Here's the recap of day three, the last day of the talks. Apparently I took good notes on day three, since this is by far the longest post, and the one it took me longest to produce. It was, indubitably, an excellent day.

DjangoCon agenda

Keynote: Glyph Lefkowitz on Why does Django hate Python

In 2008 Cal Henderson gave a DjangoCon speech entitled "Why I Hate Django". Apparently it provided an opportunity for Django core developers to demonstrate gracefulness and generosity. The speech has also created a legacy. 2011's Why I Hate Django keynote was given by Glyph Lefkowitz, founder of the Twisted framework project. Glyph's particular flavor was not why he hates Django (indeed, he'd only tried to install it once before writing the speech) but why Django hates Python. His premise is that, if Django didn't hate Python, we might start using more Python (and fewer tools that are not based on Python.) "It is not enough that your system be well designed. It needs to be consistently designed as well."

In order to assist Djangonauts and developers in moving toward a more Pythonic environment, Glyph recommended a number of projects we might wish to consider. It may be more accurate to say that Glyph challenged the Django community to use more Python, including these projects. (I'm breaking my style guideline on footnotes over in-line links for this list, since it's basically a list of links.)

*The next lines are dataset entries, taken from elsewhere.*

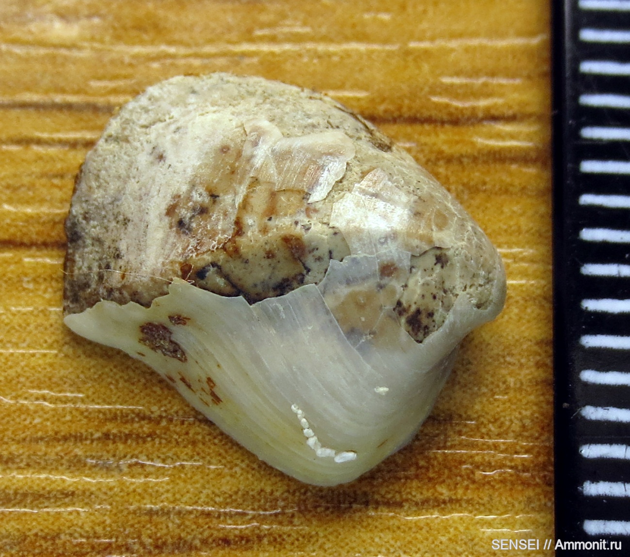 На остатках раковины сохранился поселенец в виде фораминиферы Meandroloculina sp.cf.
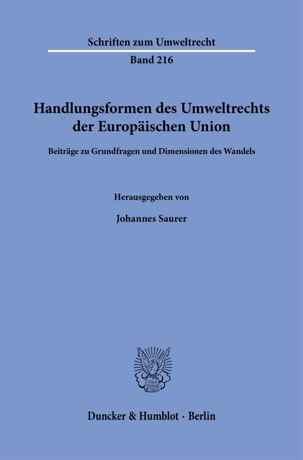 Primärrechtliche Vorgaben an die Wahl der Handlungsformen im EU-Recht, in: Saurer, Johannes (Hrsg.), Handlungsformen des Umweltrechts der Europäischen Union, Berlin 2025, S. 99–113 von Prof. Dr. Andreas Glaser
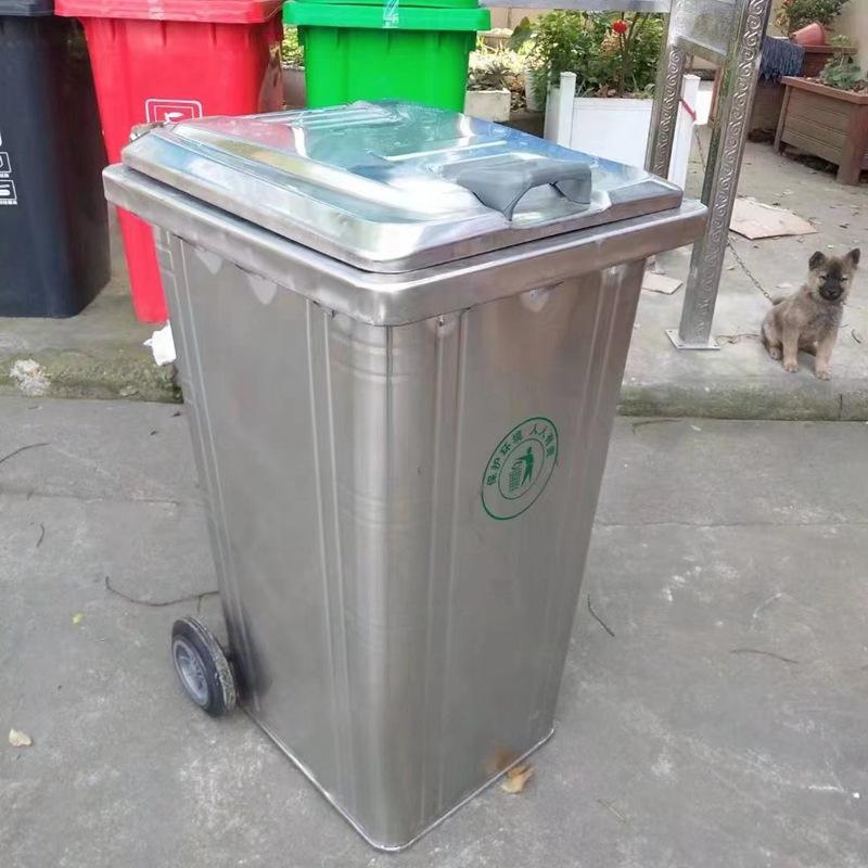 Contenedor de Basura Personalizado de Acero Inoxidable de 240L con Tapa y Ruedas, Contenedor de Basura Metálico Portátil de Gran Capacidad de 120 Litros, Estilo Remolque de 100L para Exteriores
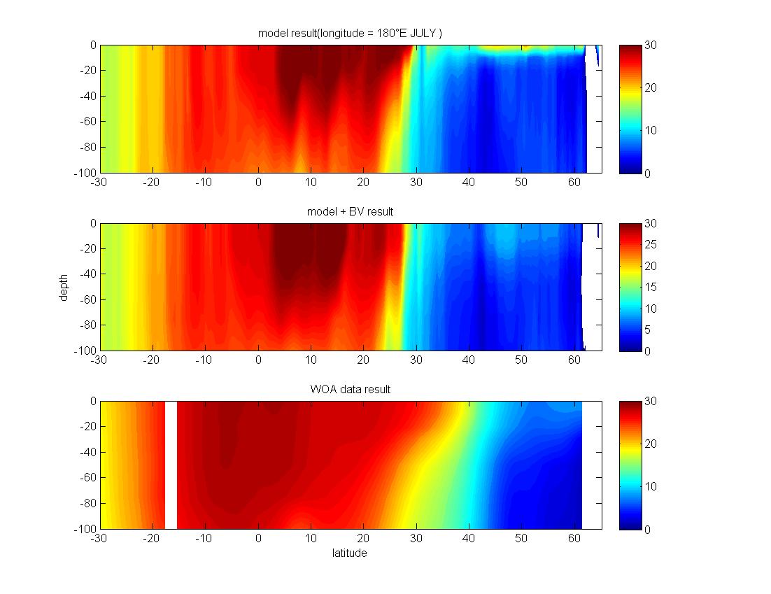 I have run ROMS smoothly,but when i check the rerult,i find that the temperature which get from ROMS is much higher in some regions,and much lower in others, as is shown in the figure along with the latitude line.i have calculate 15 years,it is the 15th resut! could you give me some advice? thank a lot!
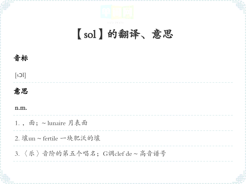 〈乐〉音阶的第五个唱名;G调clef de ~ 高音谱号
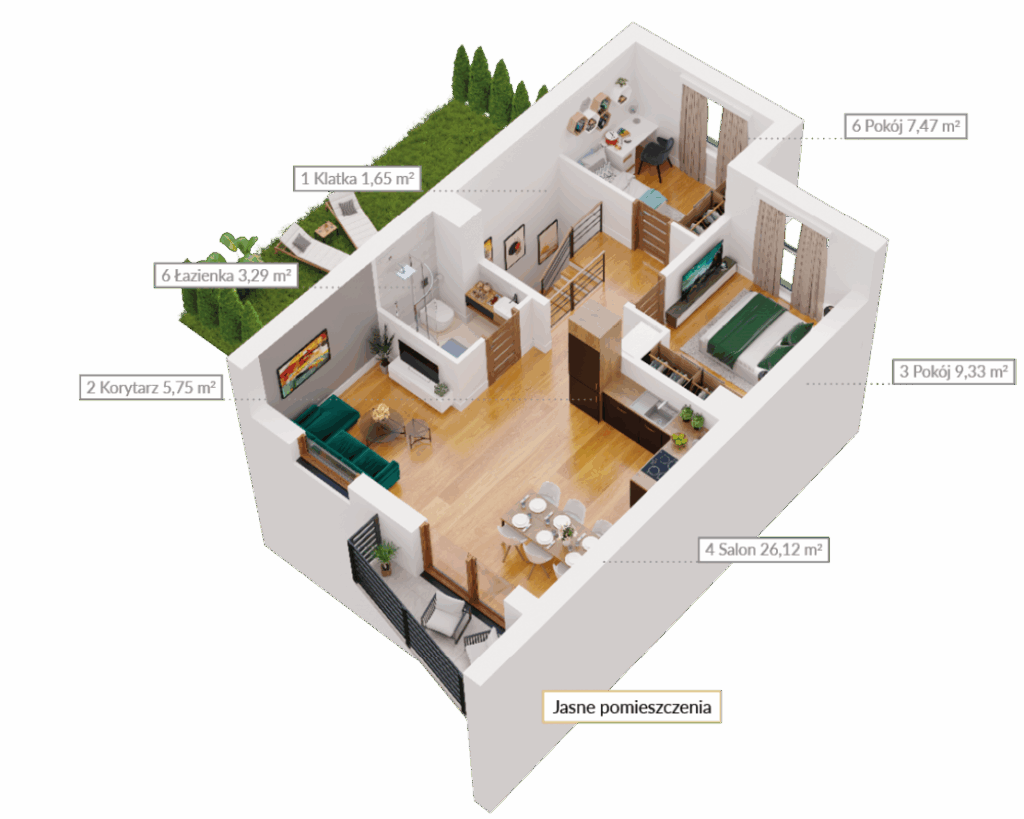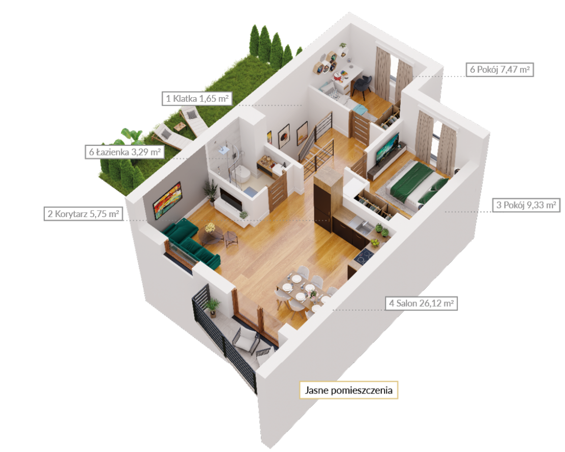 | H2 | 6 | 1 | 3 | 53.61m2 | 34.52m2 | Ogród i balkon | Sprzedane |
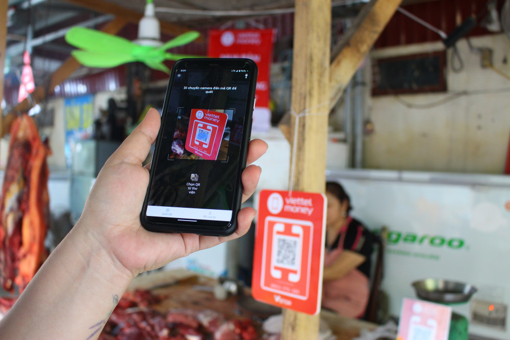 * Cách sử dụng: (1) Người dân đi chợ sử dụng App Viettel Money hoặc các App Ngân hàng thực hiện quét mã QR code có sẵn tại gian hàng (là điểm chấp nhận thanh toán); (2) App hiển thị ra đúng thông tin của người bán và nhập số tiền cần thanh toán; (3) Xác nhận và hoàn thành. Ngay lập tức, người bán và người mua đều nhận được tin nhắn thông báo biến động số dư.
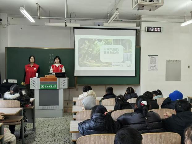 “同学们,你们知道松树冬天不落叶的秘密吗?”课堂上,志愿者们结合学校在森林生态、环境保护领域的学科优势,以及数理基础学科特色,为继红小学的孩子们带来了一堂堂“活起来”的数理生态文明课。从“森林的秘密”“身边的环保小行动”为引子,趣味案例接连不断——从“一片树叶的生态旅程”讲到“垃圾分类如何变废为宝”,动画短片里跳动的森林精灵、互动问答中举起的一只只小手,让知识不再枯燥。当志愿者提出“我的环保承诺”分组讨论时,孩子们立刻激烈地讨论起来,表达了从自己做起的环保小愿望,稚嫩的声音里满是坚定,生态保护的种子在热烈的交流中悄然扎根。
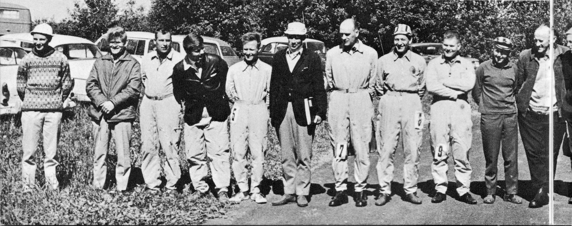 Vänstra halvan av bilden med alla tävlande vid SM 1967. Irve Silesmo står näst längst t.v. |
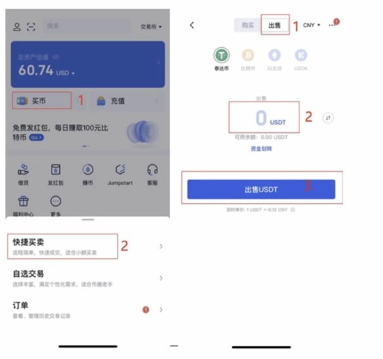 在移动设备启动oe交易所应用程序,依次点击底部导航栏的【交易】功能模块,选择【快捷交易】服务界面。切换至【卖出】选项后,在金额输入框填写需售出的USDT数量,系统将自动计算预估到账金额,确认无误后点击蓝色确认按钮进入订单创建阶段。
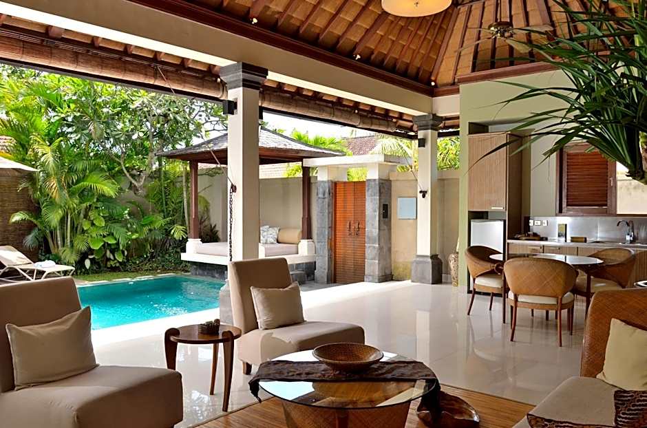 Features a massage table and a personal safe. Includes in-villa check-in and free Wi-Fi. Package inclusions (with a minimum stay of 4 nights) Package inclusions (with a minimum stay of 5 nights) : - One-time, 2.5-hour Truly Balinese Spa Package for two people - One-time romantic in-villa dinner with candles in the pool - Return airport transfers - Welcome drinks and cold towels upon arrival - Flower bath - Honeymoon cake - 10% off food and beverages (excluding alcoholic drinks) - 20% off select spa treatments and DISINI Spa
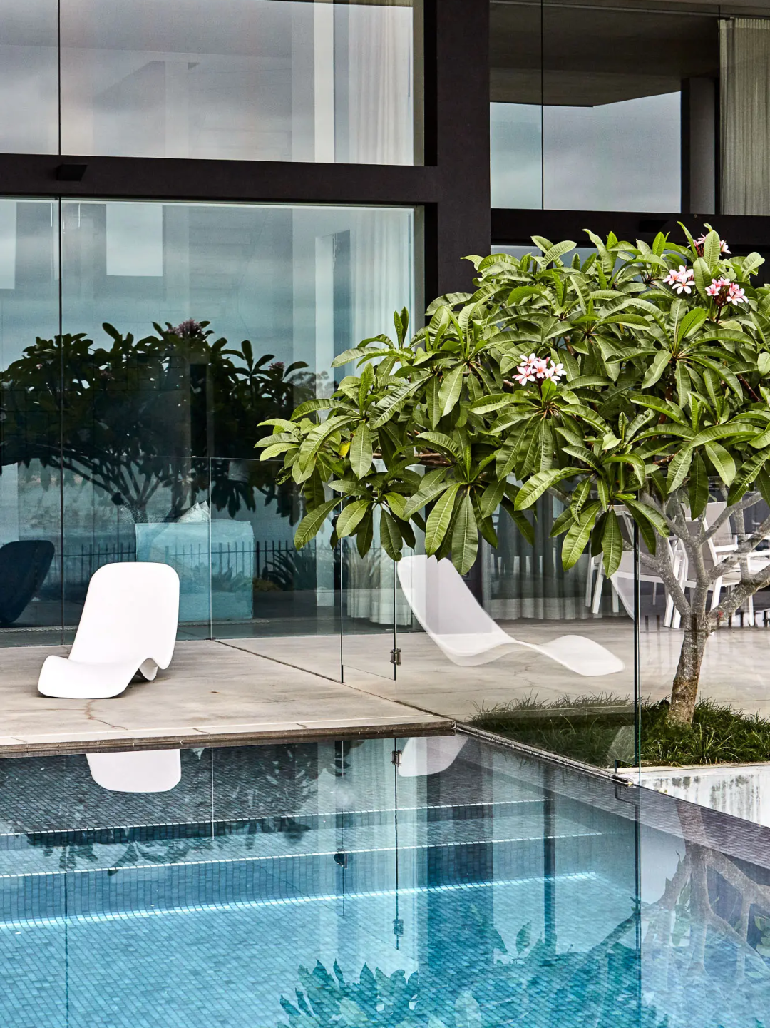玻璃的高透視覺能和現代風格的花園融洽一體,輕松地營造了現代氛圍;這種材質相較于其他材質也更容易清洗,且能受得起長時間的風吹日曬,維護成本較低
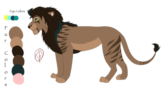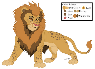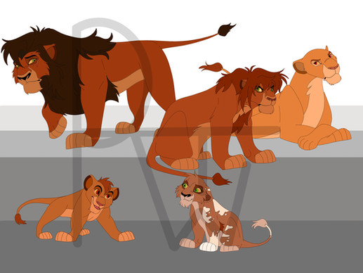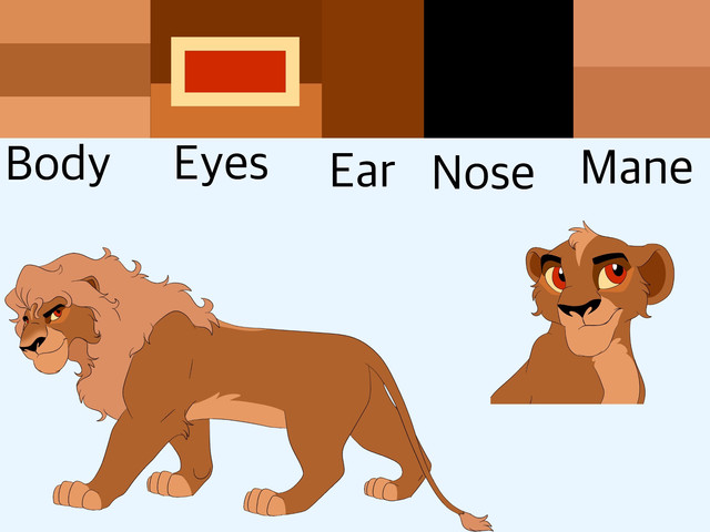 The reddish mane that grows darker with a more golden pelt like Mohatu, I added the darker cheek colours like Mufasa has in the movies but more exaggerated. I also tried to make him have a weird skinny adolescent phase that made him look more like Scar but an adult look that looked like a healthy mix of both parents.
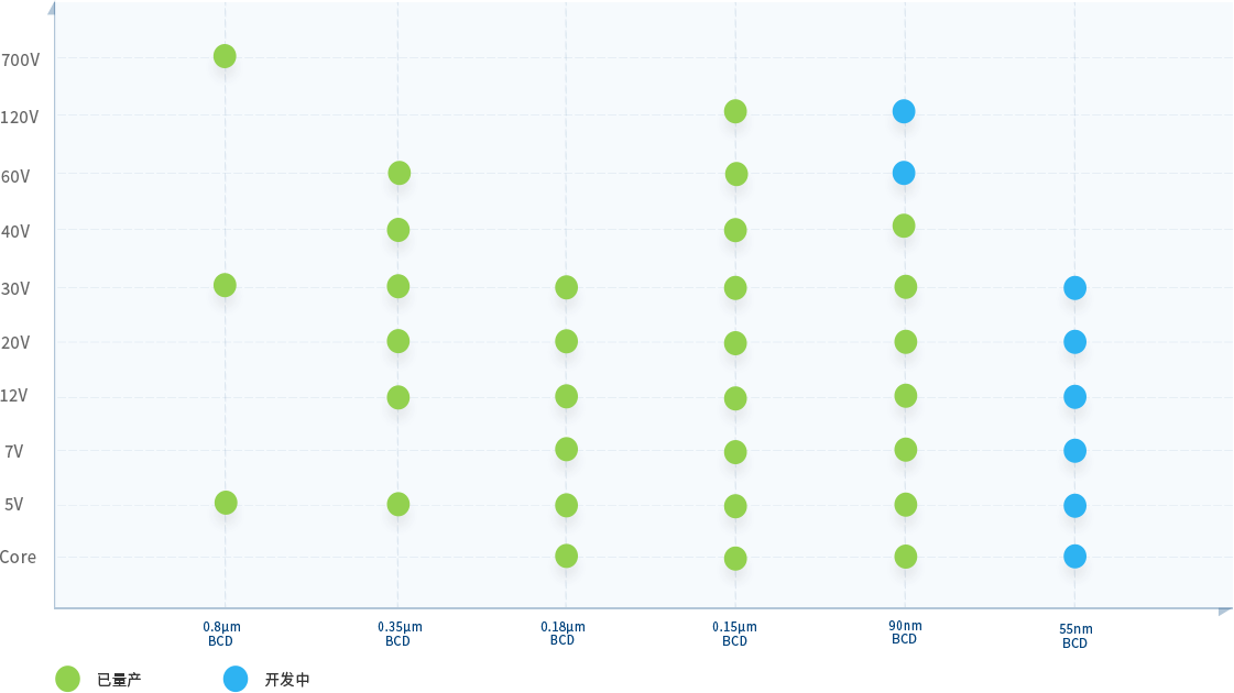 顺发配资BCD(Bipolar-CMOS-DMOS)技术基于先进的CMOS工艺平台,开发出各种电压的高性能,低导通电阻LDMOS,以优越的性能和较低的成本满足各类客户的需求。现在0.15μm 5~40V EPI BCD 、0.18μm 5~30V BCD及 0.8μm 700V BCD已实现大规模量产;90nm 40V BCD, 以及 0.15um 60V 和 120V BCD已开始试产。将持续往更优性能,更高电压,更先进节点开展。
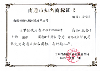江苏振强机械科技股份有限公司 >> 公司简介 >> 资质证书 >> 南通市知名商标证书
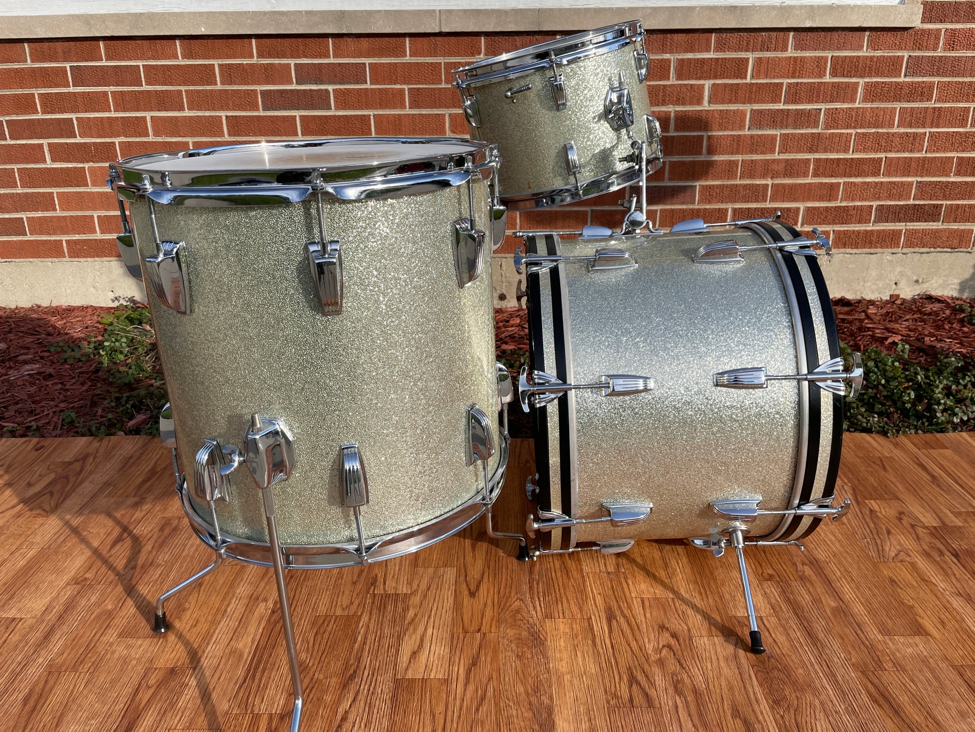 1966 Ludwig Jazzette Silver Sparkle Drum Set 12x18/12/14
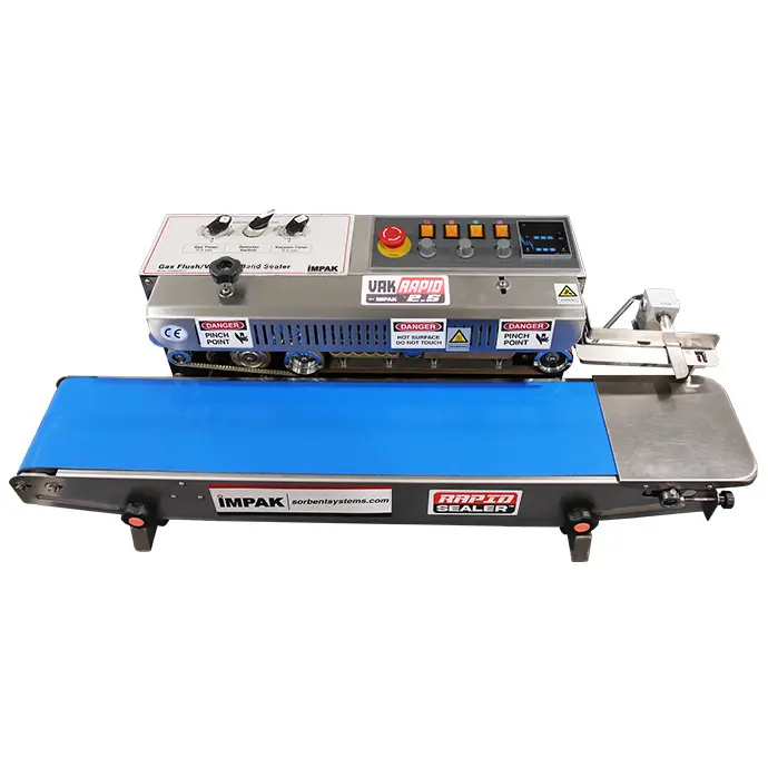As a natural addition to our highly successful VakRapid series of continuous band sealers, the IMPAK VakRapid 2.5 continuous band vacuum and gas flush sealers set the standard for high speed bagging of food, medical, pharmaceutical and electronics applications that require optimum freshness and shelf life. The VakRapid Series provides high quality, hermetic seals on all moisture-barrier bag materials. The vacuum and nitrogen gas flush system removes up to 99% of oxygen, depending on the application, and creates a low moisture package. It is an ideal solution for food, medical, pharmaceutical, electronics and other products that need added protection against decomposition. The gas flush system also can be used to create a cushion like buffer to protect contents from damage. The VakRapid is economical when compared to other sealers that offer nitrogen gas flushing for air removal. The VakRapid model includes a vacuum cycle after gas flushing to allow virtually oxygen free vacuum-sealed product bags. Additional options include a stainless steel stand with casters for portability, embossing or dry print letter kit and a spare parts kit.
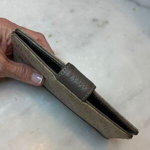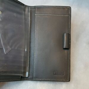 Functionality: Designed to hold a checkbook, with potential for multiple card slots and slip pockets within, typical of checkbook wallets. Includes photo holder and a pen holder slot.

  • Fabric: Fabric is a library and framework for performing systems administration tasks, both locally and over a network using SSH. I'd heard of Fabric prior to DjangoCon, but not used it. Using Fabric will be one of the key benefits I got from this year's conference.
  • WSGI and Web servers
    • FAPWS: FAPWS stands for Fast Asynchronous Python Web Server. It's WSGI-compliant with two primary goals: keep it small, and keep it asynchronous.
    • Spawning: Spawning is a multi-process, multi-threaded, non-blocking WSGI compliant web server. Eric Florenzano wrote about using Spawning and Django together.
    • Tornado: Tornado is the open-source version of a Web server written to run FriendFeed. It is non-blocking, relatively fast, and includes some of the tools they use at FriendFeed.
    • Gunicorn: Gunicorn is a Python fork of the Ruby Unicorn project, a prefork worker model WSGI web server.
    • Cogen: Cogen is a library for network programming using coroutines via enhanced generators. I don't understand it either, but it provides a WSGI server and is asynchronous.
    • Twisted Web: Twisted Web is the HTTP portion of Twisted, an event-driven networking engine.[1] It may be important to note that this is the project that Glyph heads.
  • Lamson Project: Lamson is a Python-based MTA, SMTP server and library. While that probably says enough, I want to add it can use anything Python can use for storing it's data, which of course includes the Django ORM as well as CouchDB, MongoDB, and many other options. I'm pretty excited about Lamson.
  • PyDNS: PyDNS is a Python library for performing DNS lookups.
  • PyCron: Glyph, maybe you were just stretching at this point, looking for more applications? I found two pycrons. Neither are in PyPi. One doesn't seem to include source. Here is the other.
  • Python Sched library: sched is the Python event scheduler library.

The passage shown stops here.